Paged KV cache for zero-fragmentation memory and O(1) context shifting.

tinfer-server -m model.gguf --kv-cache-paged --port 8080
Flag Description Default
--kv-cache-paged Enable paged KV cache disabled
--no-kv-cache-paged Disable paged KV cache

KV Cache Eviction

Smart eviction for infinite-length generation without context shift quality loss.

tinfer-server -m model.gguf --kv-eviction 1 --port 8080
Flag Description Default
--kv-eviction MODE 0=none, 1=streaming, 2=scored 0
--kv-sink-tokens N Positions to always keep (0-256) 4
--kv-protected-tokens N Protected positions (e.g. system prompt) 0

Speculative Decoding

Flag Description Default
-md, --model-draft FNAME Draft model for speculative decoding (env: LLAMA_ARG_MODEL_DRAFT)
--draft N Tokens to draft (env: LLAMA_ARG_DRAFT_MAX) 16
--draft-min N Min draft tokens (env: LLAMA_ARG_DRAFT_MIN) 0
--draft-p-min P Min speculative probability (env: LLAMA_ARG_DRAFT_P_MIN) 0.75
-ngld, --n-gpu-layers-draft N GPU layers for draft model (env: LLAMA_ARG_N_GPU_LAYERS_DRAFT) auto

Sleep / Idle

Flag Description Default
--sleep-idle-seconds N Sleep after N seconds idle (-1 = disabled) -1

Environment Variables

All flags with (env: ...) can be set as environment variables.
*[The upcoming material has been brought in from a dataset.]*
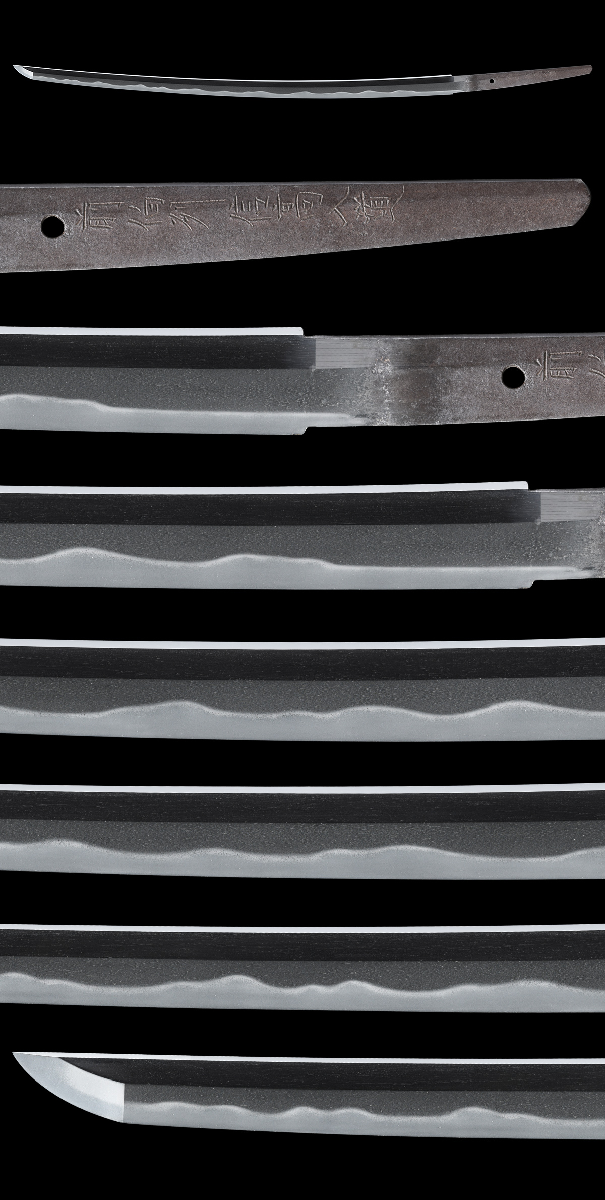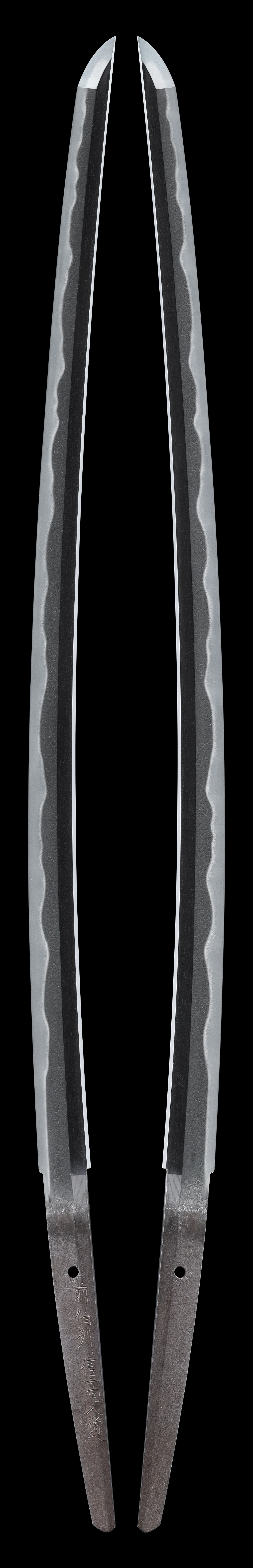 本作体配は、刃長が二尺三寸三分弱。身幅広く元先で幅差付き、反り適度で中切っ先となる寛文姿の一口。鍛は、小杢目肌に処々流れ肌が交じって、地沸よく付き、細かく地景が入り、整った綺麗な肌合いです。焼刃は直ぐで焼き出し、小さな互の目や丁子が連れて、一つの山の様になり、尖り刃や矢筈刃風、湾れを交えて穏やかで上品な乱れが構成されます。帽子は直ぐで先小丸に返ります。茎は生ぶ、筋違鑢目で、刀工銘が切られます。本刀は、尾張新刀の名手 二代伯耆守信高の一口です。湾れに互の目を交えた刃文は、山並みを遠望するかのような景色に見え、味わい深い趣を纏います。白鞘、金着二重はばき、特別保存刀剣鑑定書。

The flag takes precedence over the env var.

For boolean options:

  • LLAMA_ARG_MMAP=true → enabled (also: 1, on, enabled)
  • LLAMA_ARG_MMAP=false → disabled (also: 0, off, disabled)
  • LLAMA_ARG_NO_MMAP → disabling (presence alone is enough)
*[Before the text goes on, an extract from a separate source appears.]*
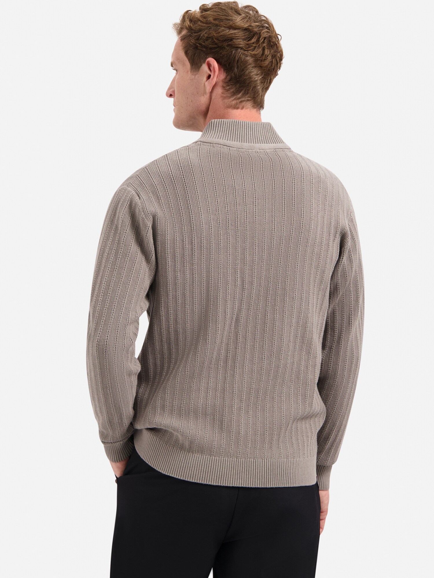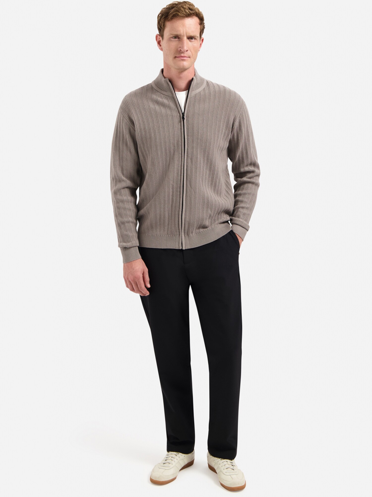Design: Guler din tricot cu striații, Tiv drept, Manșete cu striații; Tip de închidere: Fermoar; Material: Tricot; Decolteu: Guler tunică; Imprimeu: Monocrom; Detalii: Fully fashioned, Petic cu logo, Material moale; Croi: Croi normal; Lungime mâneci: Mâncecă lungă; Lungime: Lungime normală

Common Server Configuration

tinfer-server -m model.gguf --port 8080 -ngl 99 -c 4096 -np 4
This starts the server on port 8080 with all layers on GPU, 4K context, and 4 parallel slots.

All CLI Options Also Apply

The server accepts all flags from the CLI Reference as well (model, GPU, memory, sampling, etc.). This page only documents server-specific flags.